Nate Calabrese, a senior, began a petition protesting the ban. The petition included information from the U.S. Department of Justice and major animal organizations, all opposing breed-specific bans.

“Bottom line is, the ban is a bad decision because it’s based off the presumption that pit bulls are some inherently vicious, naturally evil dogs that exist to attack people,” said Calabrese. “I don’t think pitbulls are dangerous unless you neglect them. If you don’t treat them properly, or neglect them or don’t socialize them with pit bulls or other dogs or people, they can turn out nasty.”

Bottom line is, that the ban is a bad decision because it’s based off the presumption that pit bulls are some inherently vicious naturally evil dogs that exist to attack people.”

— Nate Calabrese

Opponents of the ban argue that pit bulls’ behavior is reflective of their treatment.

“Shaker should make the owners responsible to train all dogs. My goal is hoping Shaker will put the responsibility on the owners, not the dog,” Summers said.

“We believe there are individual dogs from any breed that can be a problem regardless of the owner, however, the vast majority of the time, aggressive behavior can be prevented in any dog by allowing the dog to live inside as a member of the family,” said Tarcy. “Additionally, if owners comply with current licensing laws and do not let their dogs run loose in neighborhoods, which is also illegal in most places, the risk of being bitten by a strange dog would drop dramatically. Owners need to be held accountable for the acts of their dogs.”

Mayor Leiken spoke at the meeting as well.

“We did have people injured by pit bulls or attacked by pit bulls who came to the meeting, but there were more people who spoke against it, and I just wanted them to understand that there are two sides to this and that there is another point of view, and I expressed that point of view,” he said in a later interview.

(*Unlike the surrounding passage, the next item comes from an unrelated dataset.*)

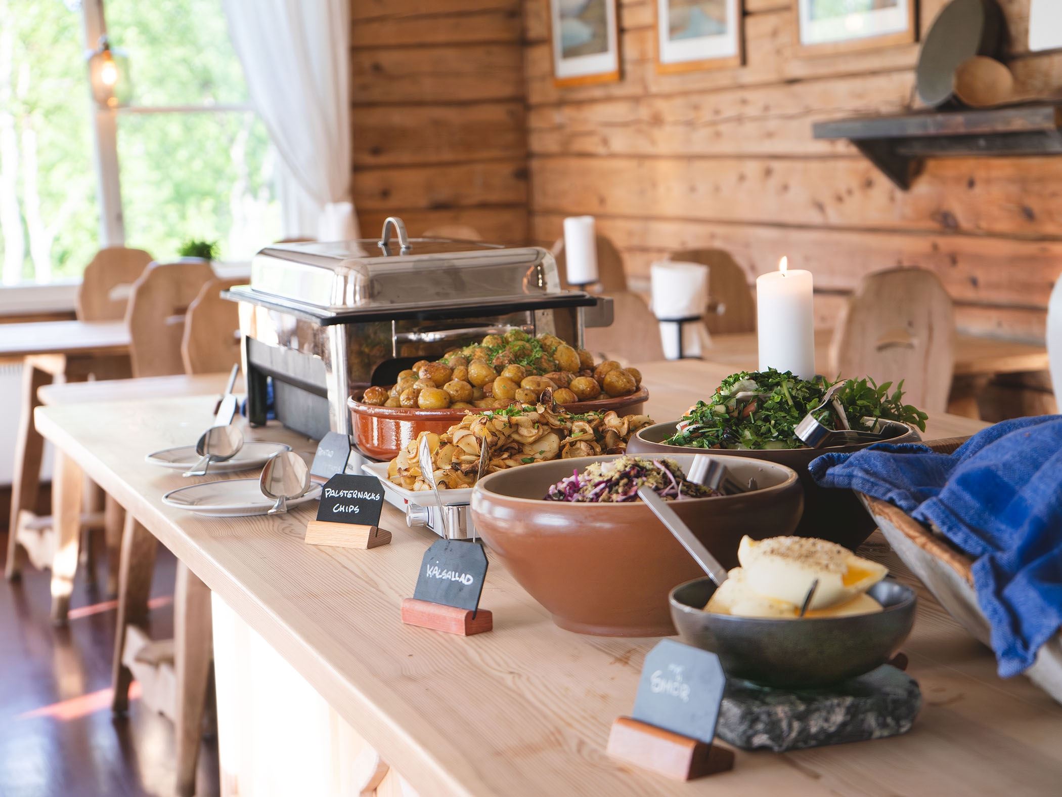 Our restaurant serves locally hunted game meat, char, and smoked whitefish from the lake below the station. Of course, we also always have good vegetarian and vegan options. If you'd rather cook your own food, we offer a well-equipped self-catering kitchen with a refrigerator to store your groceries during your stay.

“That’s what’s got my dad and a lot of people angry,” Calabrese said of the mayor’s words at the meeting. “I’m not really clear on this. His response is legal. It doesn’t show that he’s evil or out to get us. It just shows he wasn’t listening to what we were saying.”

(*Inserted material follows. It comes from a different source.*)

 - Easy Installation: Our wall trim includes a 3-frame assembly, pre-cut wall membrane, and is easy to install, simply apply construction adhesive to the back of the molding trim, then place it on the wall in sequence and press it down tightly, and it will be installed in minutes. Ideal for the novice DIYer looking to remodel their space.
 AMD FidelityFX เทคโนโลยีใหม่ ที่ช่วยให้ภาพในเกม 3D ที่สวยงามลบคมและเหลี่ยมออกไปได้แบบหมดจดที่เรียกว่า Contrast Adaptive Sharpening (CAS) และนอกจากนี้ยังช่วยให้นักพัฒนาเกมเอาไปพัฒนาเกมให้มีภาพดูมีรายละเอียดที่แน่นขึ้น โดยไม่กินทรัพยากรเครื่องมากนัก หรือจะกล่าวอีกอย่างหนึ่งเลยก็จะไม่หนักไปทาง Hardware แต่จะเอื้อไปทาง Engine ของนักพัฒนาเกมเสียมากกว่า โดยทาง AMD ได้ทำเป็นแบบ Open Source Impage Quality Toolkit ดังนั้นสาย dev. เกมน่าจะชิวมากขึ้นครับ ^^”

Before City Council votes, community members share their hopes for Shaker’s pit bulls. “I would not support the city banning pitbulls because I think people think pit bulls are mean dogs, but if you get to know them they are actually very nice,” said Reddick. “My dog bit me by accident.”

“My hope is that City Council takes a look at other municipalities, for instance Cleveland,” said Beilier. “Cleveland has enacted a dangerous dog ordinance which covers all breeds. This way they are not targeting one specific breed. In my belief, what Shaker needs to do is they need to make sure all the ordinances that they already have are taken care of.”

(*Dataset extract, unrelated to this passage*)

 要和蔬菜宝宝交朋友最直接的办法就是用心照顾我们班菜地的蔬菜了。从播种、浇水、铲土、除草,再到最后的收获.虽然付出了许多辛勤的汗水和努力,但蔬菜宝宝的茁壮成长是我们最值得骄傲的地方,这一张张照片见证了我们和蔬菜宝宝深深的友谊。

Ford described a different desire among residents. “I don’t want this to be a community with a reputation that you need to carry pepper spray or stun guns when you jog in the neighborhood,” he said. “We need to both ban animals who have physical attributes that make them particularly deadly and we need to change the culture among pet owners to take responsibility to physically restrain their animals in public.”

Connie Rischendollar, a volunteer at Cleveland City Kennel, said individual pit bulls suffer from generalizations. “I got introduced to pit bulls in November of 2014, and it changed my life,” she said. “They are the sweetest, most loyal and affectionate dogs. Because they are looked at as a breed as a whole and not individual dogs, they are wrongly thought of as something they are not.”

The next council meeting where community members are invited to speak on the topic is Dec. 21. City Council will vote on the ban Jan. 12. Both meetings start at 6:30 p.m.